Biella, Rignano Flaminio, Bassa Modenese, ora Reggio Emilia: ovunque bambini diventati ‘accusatori’ dopo essere passati nelle mani di assistenti sociali e psicologi formati a quel metodo. Era già successo negli Stati Uniti negli anni ’70: decine di adulti incriminati. Poi si scoprì che a creare il caso era stato proprio il modo sbagliato di interrogare i piccoli. Da qui la spinta per la comunità scientifica americana a studiare linee guida che evitassero di indurre falsi ricordi: i bambini sono molto influenzabili.
Quali gli errori da non fare? Come è noto, non esistono sintomi specifici di abuso sessuale, ‘riconoscerne’ a tutti i costi, magari perché il bambino ciondola a scuola, o non mangia, o fa pipì a letto, ha creato veri disastri giudiziari. Non è vero poi che il bambino non mente mai, basta vedere i video dell’inchiesta ‘Veleno’ con gli interrogatori dei minori nel 1998 a Mirandola: il bimbo resiste, tace, si distrae, ma quando l’adulto insiste il piccolo cede, racconta quello che sa che si vuole da lui. E di conseguenza si modificherà il suo ricordo… Solo cure difficilissime potranno un giorno restituirgli la verità.
Dolo o incompetenza? Ciò che è accaduto a Reggio Emilia, secondo l’ordinanza del gip, è chiaro dolo, ma certo gioca una grande parte anche la voluta ignoranza dei principi della Carta di Noto, addirittura disdegnata. Il problema è un metodo che parte con la convinzione a priori che ci sia un abuso e usa tecniche volte a trovare tutte le prove possibili. È facilissimo trovarne, anche se spurie. Dalle intercettazioni di Reggio Emilia emerge come nel delicatissimo lavoro di ascolto dei bambini ci sono state vere torture psicologiche. Si è fatto e detto tutto ciò che non si deve fare e dire, minacce, travestimenti, bugie («tuo papà è morto, facciamo il funerale»).

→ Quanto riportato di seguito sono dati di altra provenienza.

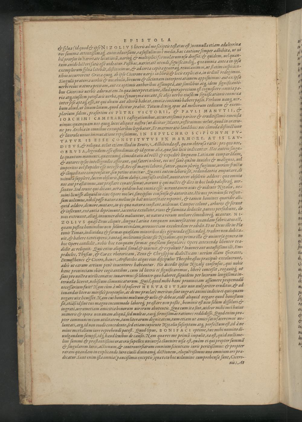 uerbi reiue natura petitam, æut ex optimus authoribus aſſumptä, aut ſimilibus atq, idem ſign icanti- pus Ciceronuw uerbir adornatam. In qua interpretationc,illud operæprecium cogn oſereromniapa- ria atg eiuſdlem potehlarts uerba, quæ hnonyma uocant yhic alijs êer bis eiuſdem hion Ihcationu connéxæ inter ſeſe aptaq; eſſé,ut qui unum aut alteri habeat, oninia continuõò habere poßit. Verbum nang, uer- hum aliud, ut linum linum, quod dicitur, trabit. Totum denigq opus ad meliorum codicum&exem- plarium ſdem, praſertim ex pETRIVICTORII,& PaVLI MANVTII, G 1OACHIMI CAMERARII caſtigationibus, accuratiſßimuis pariter cx eruditißims emcnda
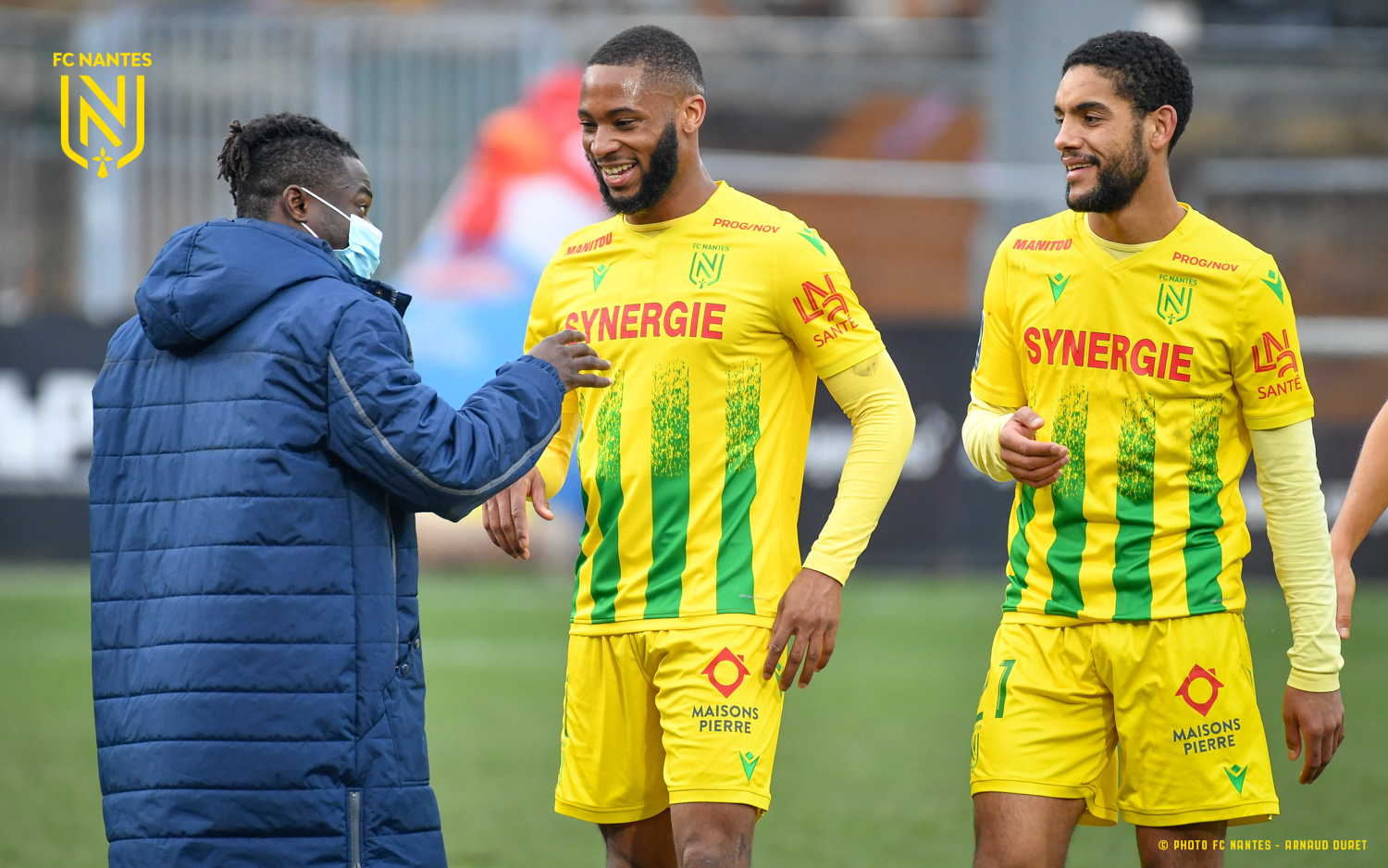Le FC Nantes a renoué avec le succès sur la pelouse d'Angers SCO dans le cadre de la 25ème journée de L1 Uber Eats (1-3). Deux buts inscrits dès l'entame de la partie par Moses Simon (4e) et Imran Louza (7e sp) ont idéalement lancer les débuts d'Antoine Kombouaré sur le banc. La réduction de l'écart par Thomas Mangani (33e sp) était vaine pour des Scoïstes qui pliaient une troisième fois sur une percée victorieuse de Kader Bamba (86e). fcnantes.com vous propose les images de la rencontre jouée à huis-clos à Raymond-Kopa.
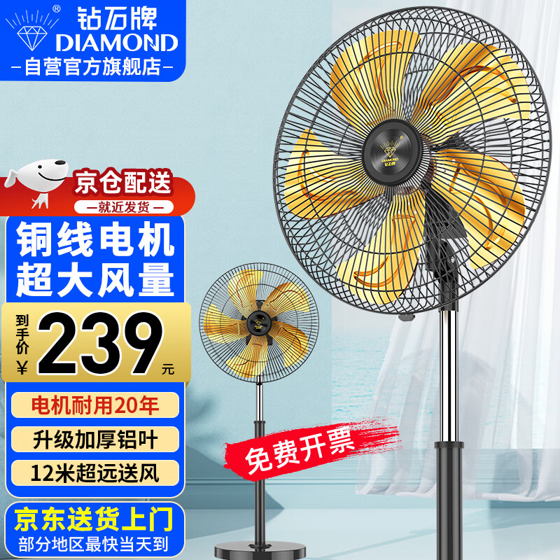 钻石牌(DIAMOND) 工业风扇落地扇家用立式电风扇大风力摇头强力电扇客厅商用工厂车间铝叶商业风扇 HF-1802金色五叶 推荐商铺/车间价格:259.00元!
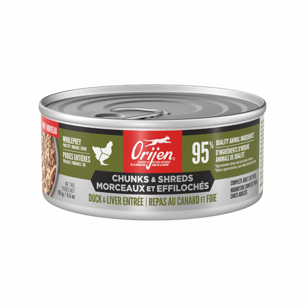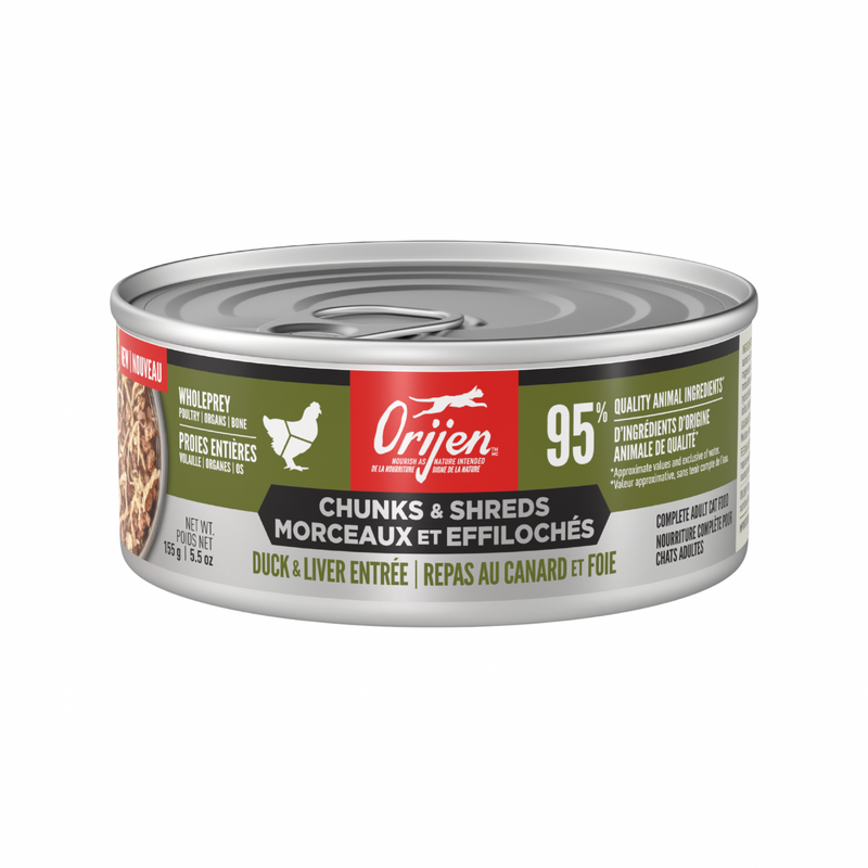 Nourish your cat completely with hearty WholePrey animal ingredients and real shreds of meat, poultry or fish in ORIJEN™ Chunks & Shreds Wet Cat Food! Cats are obligate carnivores, so they thrive off a diet packed with animal ingredients. That’s why our Duck & Liver Entrée recipe includes a whopping 95% animal ingredients1 to provide your cat with the Biologically Appropriate nourishment they were born to eat. This diet also includes succulent WholePrey ingredients like chicken liver to provide your cat with rich and varied nutrients. Bone broth helps support your cat’s hydration, while also adding tempting flavour. Nourish your cat with the texture and variety of raw animal ingredients packed into every can of ORIJEN™ Chunks & Shreds.
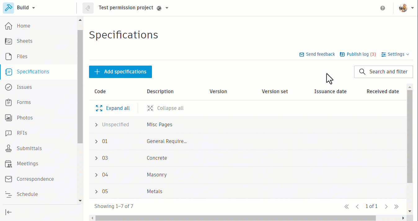 1. Click Specifications from the left navigation to open the Specifications tool.
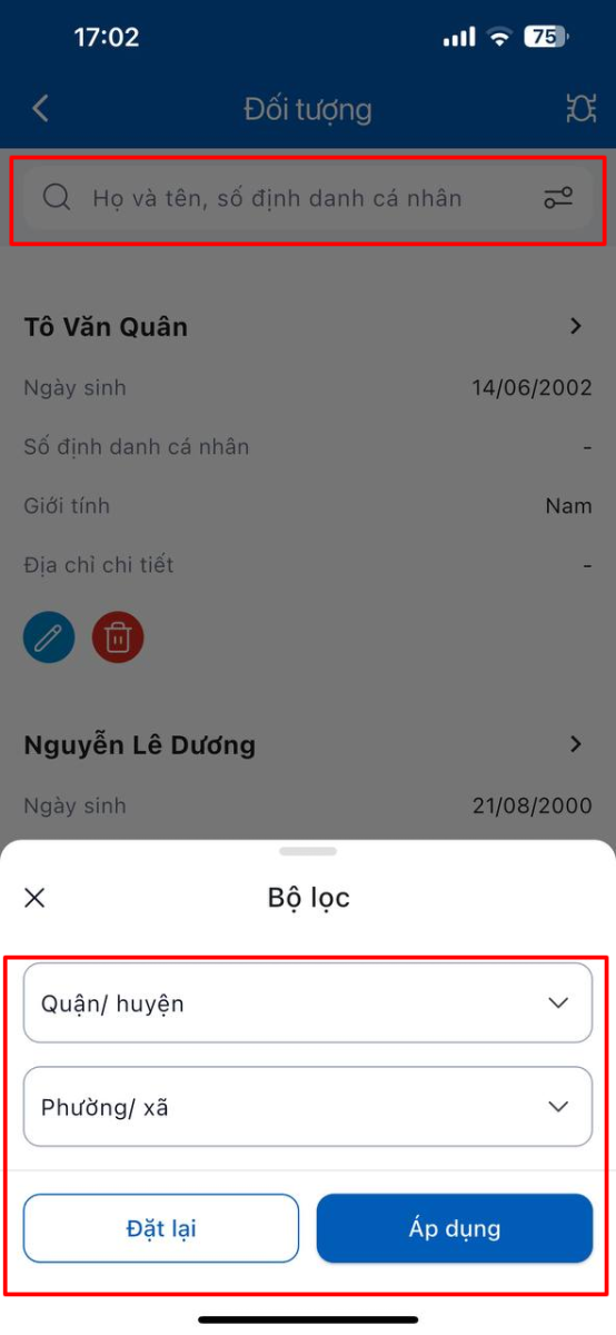 Danh sách > Bộ lọc: Nhập / chọn dữ liệu > Click button Tìm kiếm > Danh sách trả về kết quả theo tiêu chí đã nhập /chọn

Da dove nasce una cosa tanto inconcepibile? L’origine affonda nel ‘Protocollo di intesa nel contrasto all’abuso’ stilato il 21 gennaio 2004… Se letto bene, quel Protocollo spiega tutto quanto accaduto a Reggio Emilia e mette nero su bianco i princìpi che hanno guidato forze dell’ordine, servizi sociali, Asl, magistrati nel caso dei ‘Diavoli della Bassa Modenese’. Vi si scrive che su un minore si agisce anche se l’abuso è raccontato ‘da notizia anche indiretta, lacunosa, anonima, poco circostanziata’, il che permette, come si è fatto, di procedere anche solo per un semplice sospetto. Poi si parla della ‘necessità’ di agire immediatamente, allontanando il minore da casa senza informarlo di ciò che sta accadendo, senza più fargli vedere i suoi, senza accettare che il bambino possa dire che non è avvenuto niente. Basta che una qualunque persona accenni al sospetto di un potenziale abuso perché il bambino sia rimosso, prima ancora che tale sospetto venga minimamente confermato da indagini. I genitori non sapranno più niente di lui e lui di loro, per evitare che ritratti quanto ‘confessato’. E la chiamano tutela del minore.